There is a popular misconception that UDFs have adverse
effect on performance. As a blanket statement, this is simply not true. In
fact, inline table-valued UDFs are actually macros – the optimizer is very well
capable rewriting queries involving them as well as optimizing them. However,
scalar UDFs are usually very slow. I will provide a short example.
Prerequisites
Here is the script to create and populate the tables:
CREATE TABLE
States(Code CHAR(2), [Name] VARCHAR(40), CONSTRAINT
PK_States PRIMARY KEY(Code))
GO
INSERT States(Code, [Name]) VALUES('IL', 'Illinois')
INSERT States(Code, [Name]) VALUES('WI', 'Wisconsin')
INSERT States(Code, [Name]) VALUES('IA', 'Iowa')
INSERT States(Code, [Name]) VALUES('IN', 'Indiana')
INSERT States(Code, [Name]) VALUES('MI', 'Michigan')
GO
CREATE TABLE
Observations(ID INT
NOT NULL,
StateCode CHAR(2), CONSTRAINT
PK_Observations PRIMARY KEY(ID))
GO
SET NOCOUNT
ON
DECLARE @i INT
SET @i=0
WHILE @i<100000
BEGIN
SET @i = @i + 1
INSERT
Observations(ID,
StateCode)
SELECT @i, CASE WHEN @i % 5 = 0 THEN 'IL'
WHEN @i % 5 = 1 THEN 'IA'
WHEN @i % 5 = 2 THEN 'WI'
WHEN @i % 5 = 3 THEN 'IA'
WHEN @i % 5 = 4 THEN 'MI'
END
END
GO
When a query
involving a UDF is rewritten as an outer join.

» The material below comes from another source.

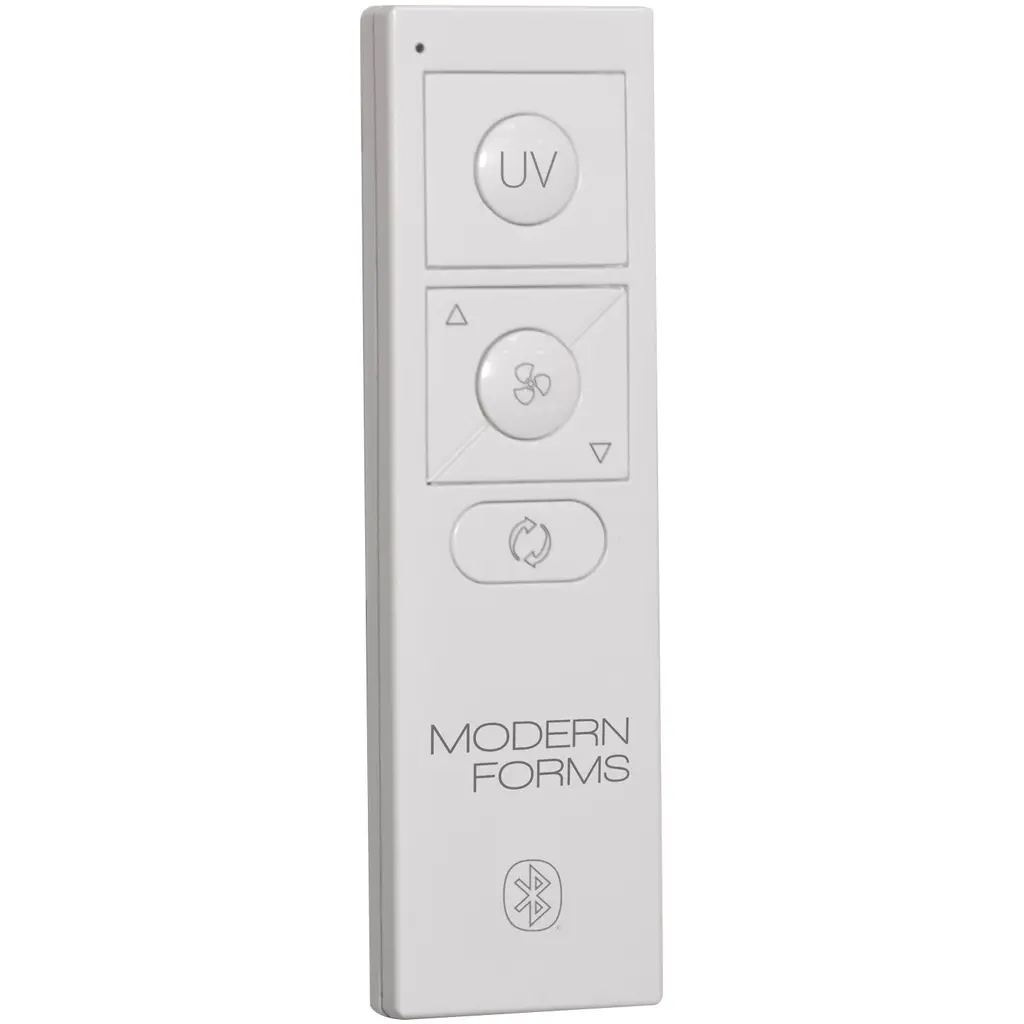Battery operated wireless Bluetooth remote control for Modern Forms Germicidal Smart Fans. Remote control is optional - each Modern Forms Ceiling Fan can be controlled through the free Modern Forms App available in the Google Play or App Store. This remot

Consider the following query:
SELECT o.ID, s.[name] AS StateName
INTO dbo.ObservationsWithStateNames_Join
FROM dbo.Observations o LEFT OUTER JOIN dbo.States s ON o.StateCode = s.Code
/*
SQL Server parse
and compile time:
CPU time = 0 ms, elapsed time = 1 ms.
Table
'Worktable'. Scan count 0, logical reads 0, physical reads 0, read-ahead reads
0, lob logical reads 0, lob physical reads 0, lob read-ahead reads 0.
Table
'Observations'. Scan count 1, logical reads 188, physical reads 0, read-ahead
reads 0, lob logical reads 0, lob physical reads 0, lob read-ahead reads 0.
Table 'States'.
Scan count 1, logical reads 2, physical reads 0, read-ahead reads 0, lob
logical reads 0, lob physical reads 0, lob read-ahead reads 0.
SQL Server
Execution Times:
CPU time = 187 ms, elapsed time = 188 ms.
*/
And compare it to a query involving an inline table valued
UDF:
CREATE FUNCTION
dbo.GetStateName_Inline(@StateCode
CHAR(2))
RETURNS TABLE
AS
RETURN(SELECT [Name] FROM dbo.States WHERE Code =
@StateCode);
GO
SELECT ID,
(SELECT [name] FROM dbo.GetStateName_Inline(StateCode)) AS StateName
INTO dbo.ObservationsWithStateNames_Inline
FROM dbo.Observations
Both its execution plan and its execution costs are the same
– the optimizer has rewritten it as an outer join. Don’t underestimate the
power of the optimizer!
A query involving a
scalar UDF is much slower.
Here is a scalar UDF:
CREATE FUNCTION
dbo.GetStateName(@StateCode
CHAR(2))
RETURNS VARCHAR(40)
AS
BEGIN
DECLARE @ret VARCHAR(40)
SET @ret = (SELECT [Name] FROM
dbo.States WHERE
Code = @StateCode)
RETURN @ret
END
GO
Clearly the query using this UDF provides the same results
but it has a different execution plan and it is dramatically slower:
/*
SQL Server parse
and compile time:
CPU time = 0 ms, elapsed time = 3 ms.
Table
'Worktable'. Scan count 1, logical reads 202930, physical reads 0, read-ahead
reads 0, lob logical reads 0, lob physical reads 0, lob read-ahead reads 0.
Table
'Observations'. Scan count 1, logical reads 188, physical reads 0, read-ahead
reads 0, lob logical reads 0, lob physical reads 0, lob read-ahead reads 0.
SQL Server
Execution Times:
CPU time = 11890 ms, elapsed time = 38585 ms.
*/
As you have seen, the optimizer can rewrite and optimize
queries involving inline table valued UDFs. On the other hand, queries
involving scalar UDFs are not rewritten by the optimizer – the execution of the
last query includes one function call per row, which is very slow.
Also thank you Peter and Adam for setting me up as a blogger on this wonderful site!